Private: Gold higher at 1221.03 (+4.09). Silver 15.30 (+0.113). Dollar and euro steady. Stocks called higher. U.S. 10yr 1.89% (-1 bp).

Posted in Today's top gold news and opinion |

Private: Investors are still betting big on gold. What do they know that you don’t?

CNN/Matt Egan/3-25-2016

“The stock market may be back on track, but nervous investors are still showering gold with tons of love. An impressive $13.4 billion was poured into gold assets over the past 11 weeks, according to Bank of America Merrill Lynch. That’s the largest sustained weekly inflow for gold since during the 2009 financial crisis.”

italiancoinpileMK note: Nothing new there, though the $13.4 billion dollar is impressive, as CNN states. The truth of the matter is that investors have been showering gold with love for years, and for good reasons.  What has changed, in my view, is that the hedge funds and big banks, judging from their public positions on the gold market, have joined the ranks, and that is what is moving the price in the paper markets.  The hedge funds are active in the ETFs and the big banks are active in the paper gold markets in New York and London.  This interest has been verified in the latest reports on volumes for both the COMEX and gold ETFs.

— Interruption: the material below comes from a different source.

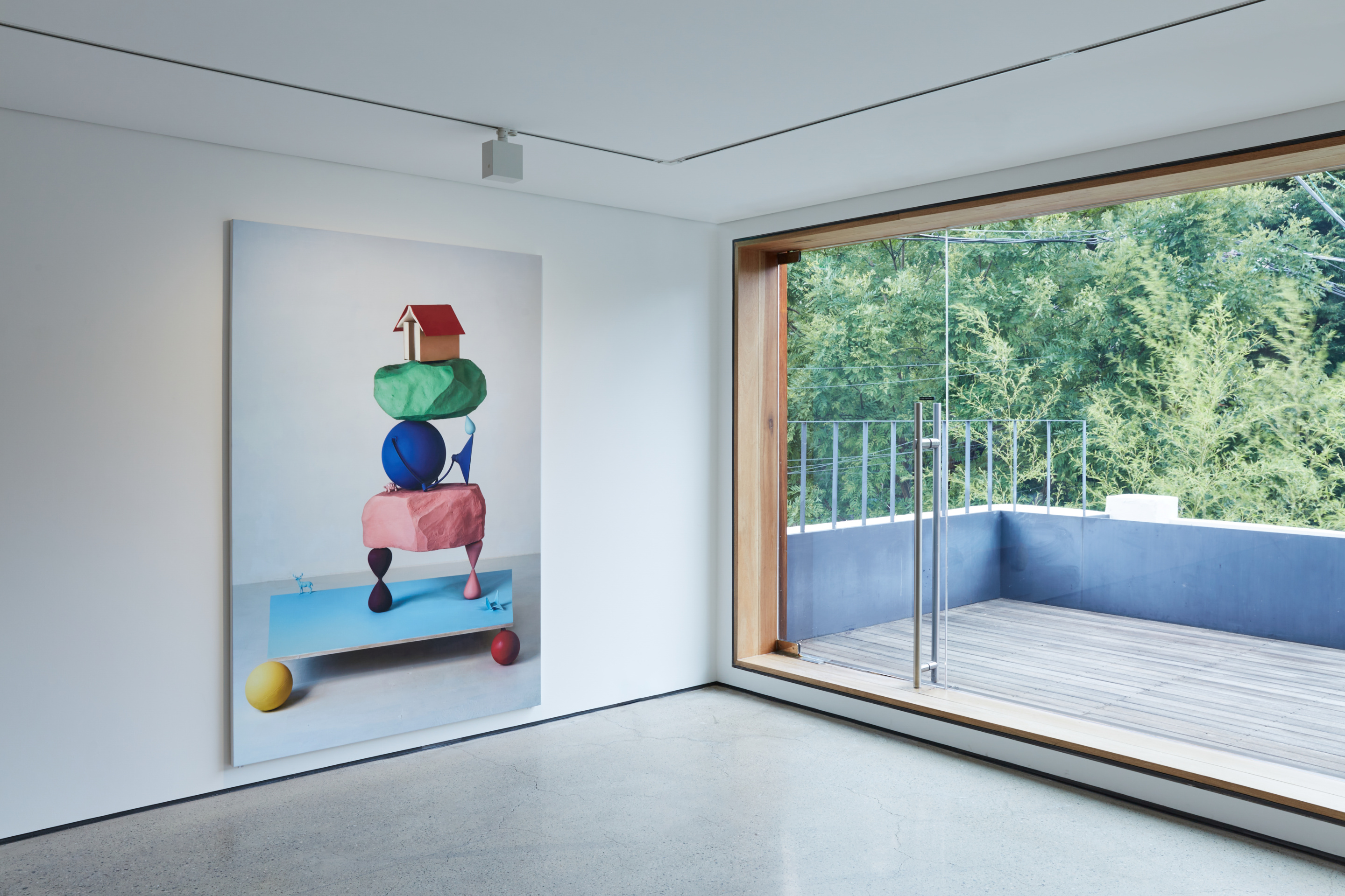 ‘그림 같은 사진’, ‘사진 같은 그림’. 두 매체가 서로를 흠모하는 듯한 말은 유현미 작가가 매체를 넘나들며 작업을 하게 된 계기가 되었다. 서울대학교 조소과를 졸업한 작가는 자신의 전공을 살려 그림, 사진에 조각이라는 매체를 더했다. 세 가지 매체를 오가며 한 작품이 완성되는데 먼저 여러 형상의 오브제를 만든다. 이를 무대미술처럼 쌓아 올려 조각을 만들고, 이를 설치한 공간에 채색을 더해 빛과 그림자를 부여한다. 입체감이 생기는 것이다. 이렇게 구축된 공간을 작가는 사진으로 담아낸다. 캔버스 위에 사진을 프린트하고서 다시 유화 물감을 그 위에 더해 칠한다. 이처럼 복합적인 메커니즘을 작동한 뒤에야 비로소 한 작품이 완성된다. 특히 이번 전시에서 작가는 <십장생> 연작의 신작 15점과 함께 작품에 담긴 조각을 공간에 함께 설치했다. 작품 속에 숨겨진 제작 과정의 일부를 드러낸 것. 그간 작가만이 알 수 있던 조각, 설치, 사진, 회화를 오가는 특유의 제작 방식을 관객이 더 깊게 이해할 수 있도록 유도한다.

Keep in mind too that all the while China still has an offer out for all the loose physical gold that can be shipped to Shanghai, including apparently whatever Venezuela is selling (given the fact that its gold is being shipped to Switzerland for re-refining into China-friendly kilo bars).  I would suspect that any other physical tranches that surface of size in the months to come will meet a similar fate.  It will be interesting to see what happens when the physically-based Shanghai Fix comes on line, scheduled for April.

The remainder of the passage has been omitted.